Required work
Copy the records below word for word, from the first line through the line that contains "Green Shield vlhčené", and leave out any pictures.

** Opening Excerpted data block **

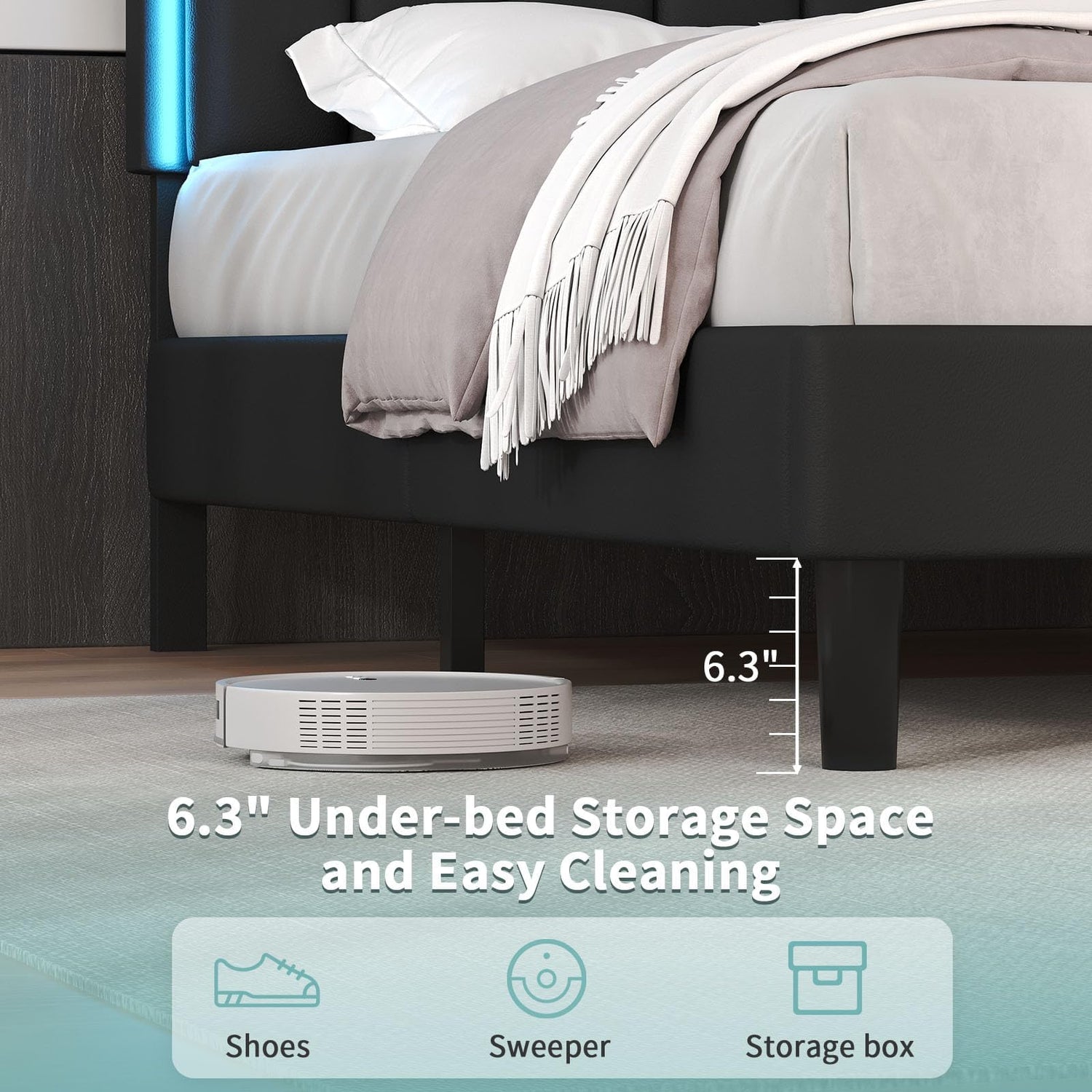 - Bed Frame with RGB LED Light: Queen size bed frame with headboard is equipped with 60,000 colors of LED lights, and you can freely adjust the color, brightness, and mode through the app control
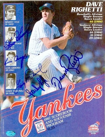 New York Yankees 1987 Program autographed by Dave Righetti Sparky Lyle Lindy McDaniel & Luis Arroyo. Item certified with a tamper-evident serialized hologram and certificate of authenticity.
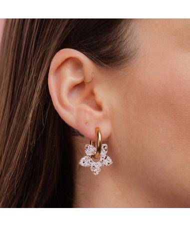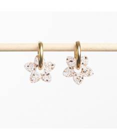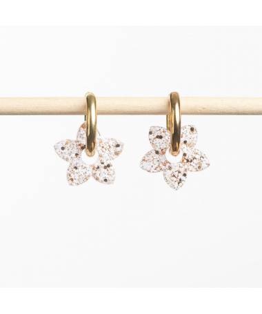 Boucles d'oreilles Tiaré, Les Nicolettes, des fleurs lumineuses qui mêlent fraicheur et éclat. Coloris : Ivoire & Champagne.
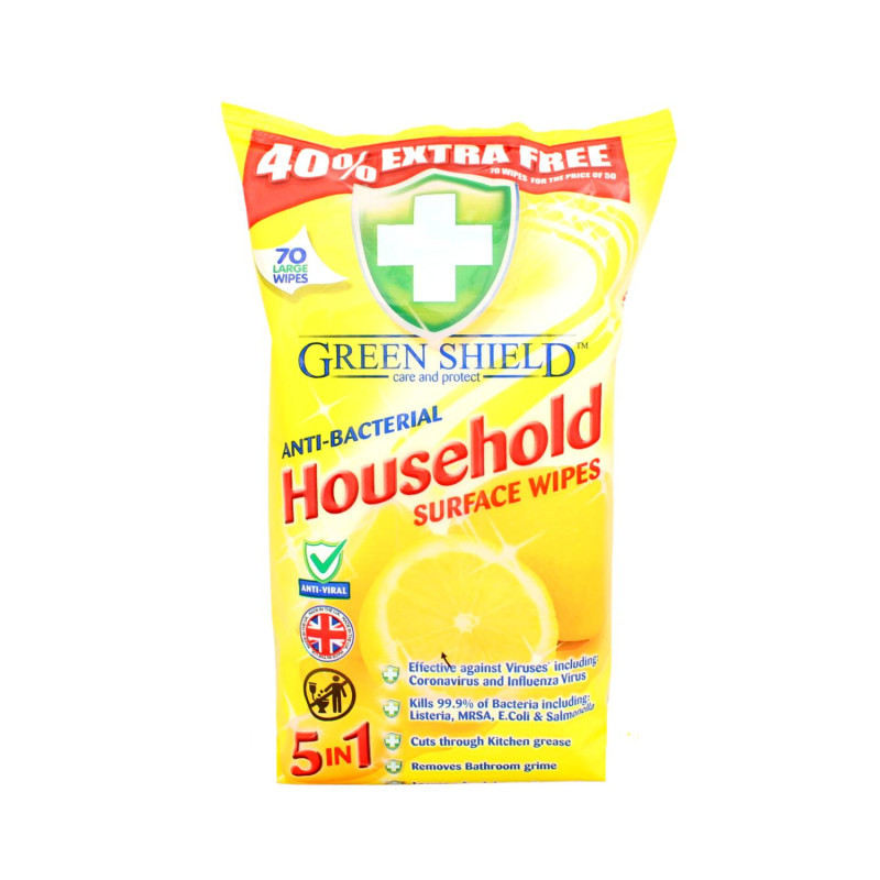 Green Shield vlhčené utierky na povrchy 5v1 antibacterial Citrón 70 ks Antibakteriálne vlhčené obrúsky určené na všetky umývateľné povrchy v domácnosti alebo aj mimo domácnosti. Zabíja 99,9% baktérií a vírusov. Sú skvelé na mastnotu v kuchyni alebo nečistoty v kúpeľni. Balenie obsahuje 70 obrúskov. V súčasnej situácii obrúsky odporúčame používať na dezinfekciu povrchov: madlá nákupných košíkov, tlačidlá výťahu a iných povrchov kde si nie ste istí históriou povrchu. Cena je za 1bal./70ks
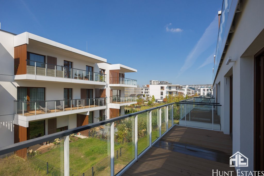 Inwestycja wyróżnia się nowoczesną, minimalistyczną architekturą oraz elegancką zabudową składającą się z niskich, dwupiętrowych budynków. Starannie zaprojektowana zieleń, wewnętrzny ogród oraz bezpieczny plac zabaw podkreślają prestiżowy i przyjazny charakter osiedla. Okolica zachwyca spokojem, a jednocześnie zapewnia wygodę codziennego życia — w sąsiedztwie znajdują się szkoły, przedszkola, restauracje oraz tereny rekreacyjne.
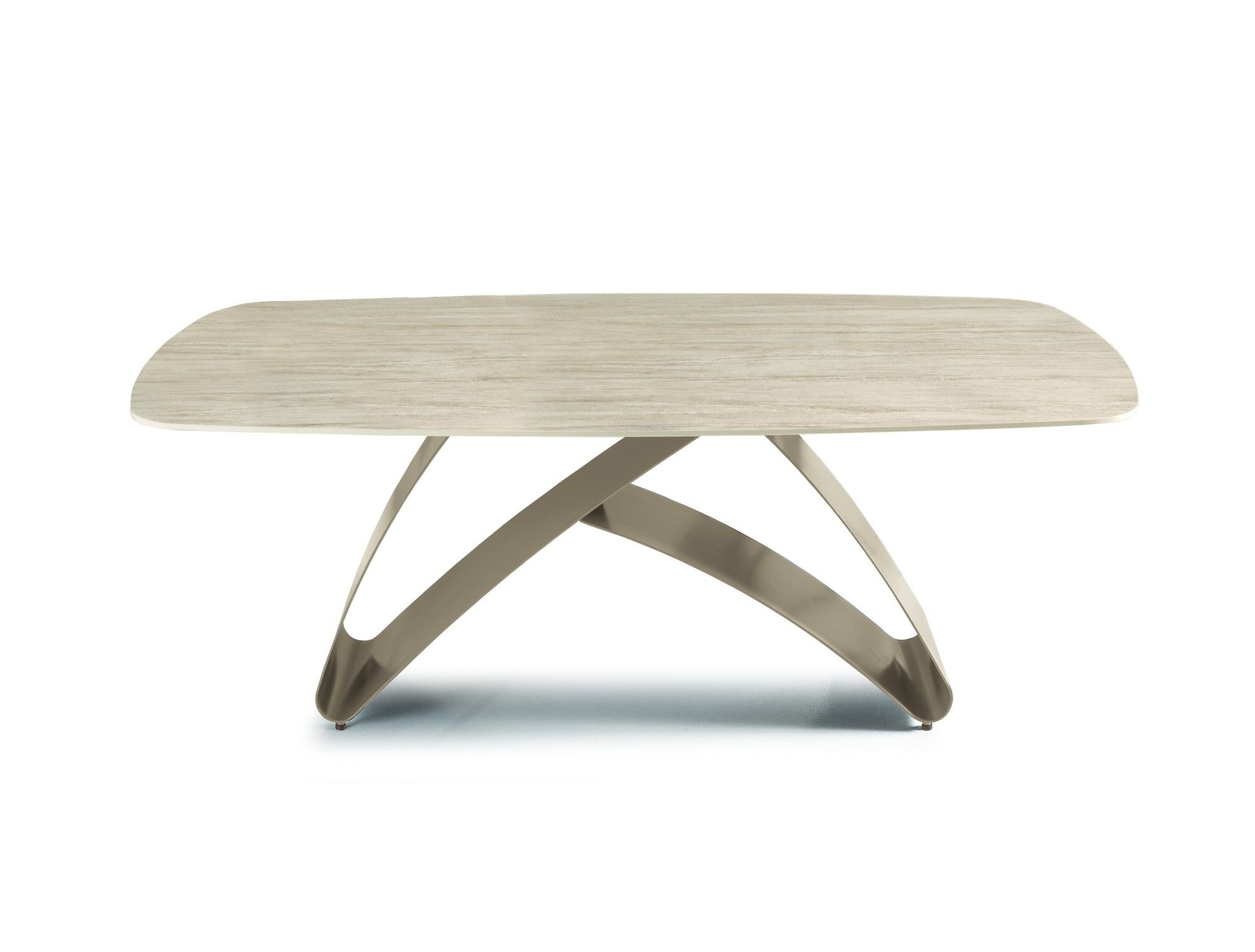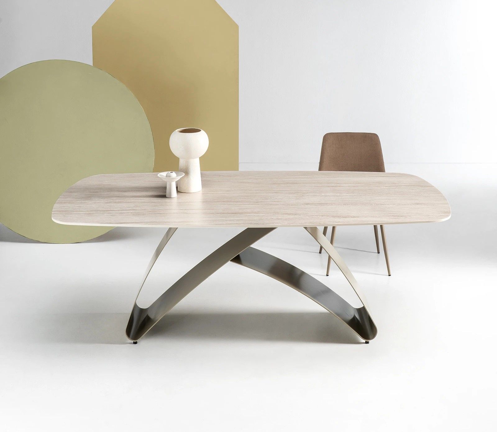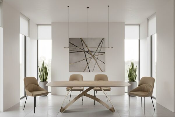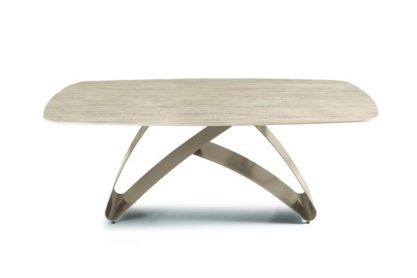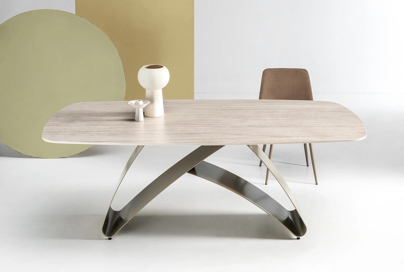Il tavolo fisso Blade Tra cattura lo sguardo con il suo piano a botticella in pietra sinterizzata effetto marmo, un’eleganza decisa che resiste alle sfide quotidiane, trasformando ogni pasto in un momento speciale.
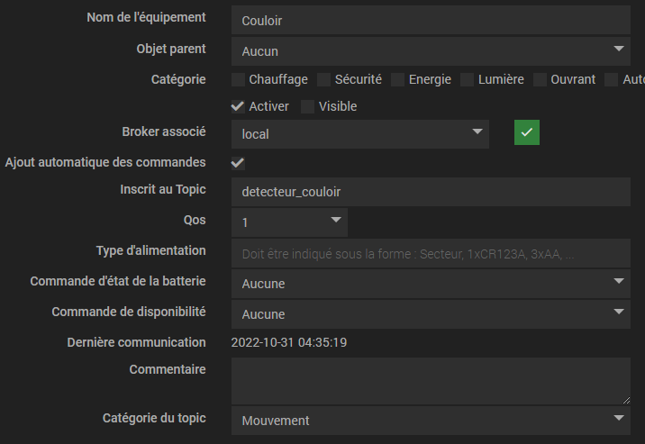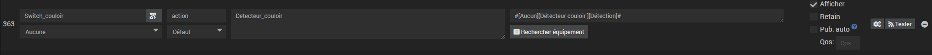 Est-ce que ma configuration est bonne, est-ce que lors d’un changement d’état du détecteur, l’information est bien envoyé sur le broker local et l’information stockée dans le topic: detecteur_couloir.
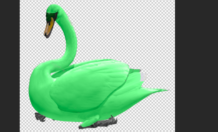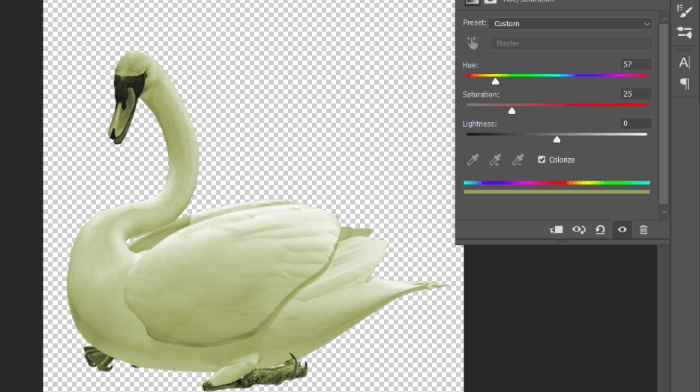 You might notice that the Hue/Saturation slider doesn’t do much if your PNG is white. Check out this white swan. I’ve slid the hue slider down into the greens and upped the saturation, but nothing much has happened. It just looks weird.
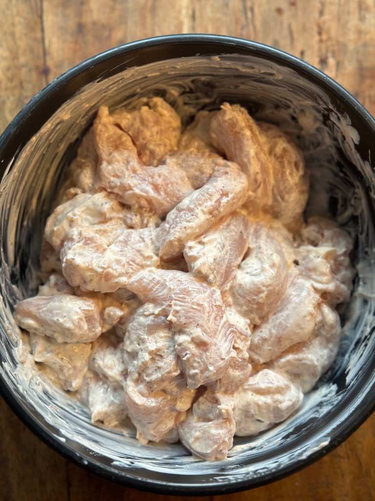 Kyllingen skal først marineres i yoghurt, 1 spsk Garam masala, og saften fra den halve citron. Sæt på køl i mindst en time, men gerne et døgn.
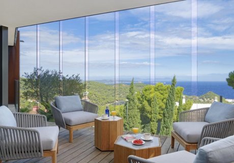 The architect-designed villa combines modern style with open, luminous interiors and seamless indoor-outdoor living spaces. Floor-to-ceiling glass, spacious living areas, and stylish furnishings create a bright and inviting atmosphere. Every modern convenience is included, ensuring guests can relax and enjoy a stress-free holiday from the moment they arrive.
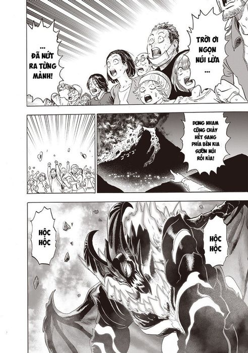 Không chỉ dừng lại ở đó, Garou tiếp tục tiến hóa và tấn công Saitama với những tuyệt kỹ đặc sắc. Một đòn tấn công mạnh đến mức làm bay cả một phần ngọn núi lửa, làm cho dung nham trôi về hướng khác. Điều này vô tình giúp đỡ những người dân đang đối mặt với nguy cơ mất nhà do dung nham đổ về.
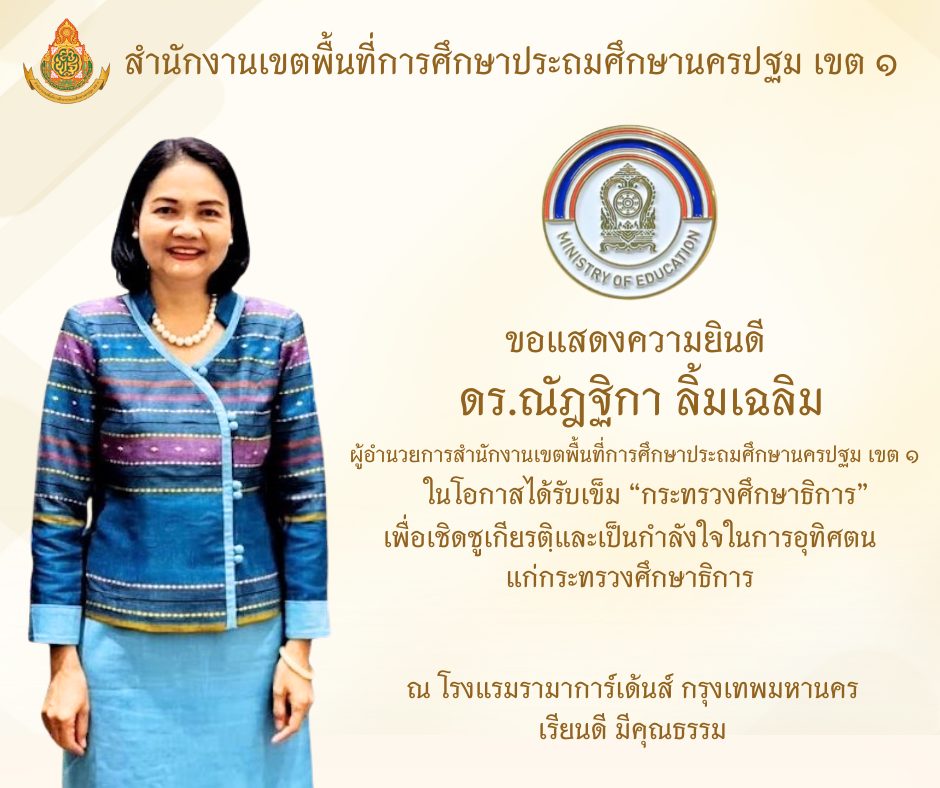สำนักงานเขตพื้นที่การศึกษาประถมศึกษานครปฐม เขต 1 ขอแสดงความยินดีกับ ดร.ณัฎฐิกา ลิ้มเฉลิม ผู้อำนวยการสำนักงานเขตพื้นที่การศึกษาประถมศึกษานครปฐม เขต 1 ในโอกาสได้รับเข็ม “กระทรวงศึกษาธิการ” เพื่อเป็นการเชิดชูเกียรติ ความภาคภูมิใจในการอุทิศตนต่อวงการศึกษาและกระทรวงศึกษาธิการ ในการประชุมสัมมนาผู้อำนวยการสำนักงานเขตพื้นที่การศึกษา ทั่วประเทศ ครั้งที่ 1/2568 ณ โรงแรมรามาการ์เด้นส์ กรุงเทพมหานคร

** Closing Excerpted data block **

Solution for this task
 - Bed Frame with RGB LED Light: Queen size bed frame with headboard is equipped with 60,000 colors of LED lights, and you can freely adjust the color, brightness, and mode through the app control
 New York Yankees 1987 Program autographed by Dave Righetti Sparky Lyle Lindy McDaniel & Luis Arroyo. Item certified with a tamper-evident serialized hologram and certificate of authenticity.
 Boucles d'oreilles Tiaré, Les Nicolettes, des fleurs lumineuses qui mêlent fraicheur et éclat. Coloris : Ivoire & Champagne.
 Green Shield vlhčené utierky na povrchy 5v1 antibacterial Citrón 70 ks Antibakteriálne vlhčené obrúsky určené na všetky umývateľné povrchy v domácnosti alebo aj mimo domácnosti. Zabíja 99,9% baktérií a vírusov. Sú skvelé na mastnotu v kuchyni alebo nečistoty v kúpeľni. Balenie obsahuje 70 obrúskov. V súčasnej situácii obrúsky odporúčame používať na dezinfekciu povrchov: madlá nákupných košíkov, tlačidlá výťahu a iných povrchov kde si nie ste istí históriou povrchu. Cena je za 1bal./70ks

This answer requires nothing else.